Archive for the ‘Uncategorized’ Category

Preston Book Club

Saturday, August 27th, 2011

On Wednesday 31st August at 6pm I will be in Preston Waterstones discussing Cold Light with the book group.

I don’t know if any bookish Prestonians read this blog, but if you do, and you’re free on Wednesday, and you’d like to chat about the book with us, come along!

There are some discussion prompts for reading groups here. But really, we get to talk about whatever we like.

Freestyle conversation. Books. Preston. Brill!

Radio Lancashire

Friday, August 26th, 2011

Today at 1pm I will be on the John Gilmore Show on BBC Radio Lancashire.

This will be the second time I’ve been on the radio. The last time, about three years ago, I confessed, live on air, to liking Will Young. I have no idea why I did that, because I don’t. Well, I don’t dislike him. I just don’t know all that much about him. Will Young and I are not *like that*. We’re actually strangers. You can see why I’ve avoided radio since then.

Tune in to listen to more of my anxiety filled fictional confessions this afternoon.

Greetings From Utah

Monday, June 13th, 2011

Meet Bill and Ted, the mini mishie muses.

I’ve been away for a little while.  I am thousands of miles away from DePreston and visiting a place where it is possible to get sunburned in 20 minutes.
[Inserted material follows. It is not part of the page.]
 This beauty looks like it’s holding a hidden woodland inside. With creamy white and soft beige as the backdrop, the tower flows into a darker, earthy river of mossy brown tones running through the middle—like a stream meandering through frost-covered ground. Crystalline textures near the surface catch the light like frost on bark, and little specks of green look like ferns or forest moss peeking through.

So far I’ve been staying in Salt Lake City,  making day trips out and about. Tomorrow I’m off to South West Utah for a bit more of an explore and a think before I head back home.

This trip is half research for my novel in the making, half personal oddessy. I don’t think I’ll blog about it too much just yet.

Half formed ideas are no good. I can feel things tumbling around in there and I’ve been scribbling words down in my notebook most nights, but it’s not time to write yet. And anyway,  I am saving all the best stuff for my book and I don’t want to take the lid off the fizz in my brain just yet.

Plug + Bug(ger) + Remorse

Wednesday, October 20th, 2010

First, an interview I did with Nik Perring about his new collection of flash Not So Perfect is up at the Lancashire Writing Hub. Nik talks sagely about all kinds of things, and there’s a chance to win a signed copy of Not So Perfect. So off you go.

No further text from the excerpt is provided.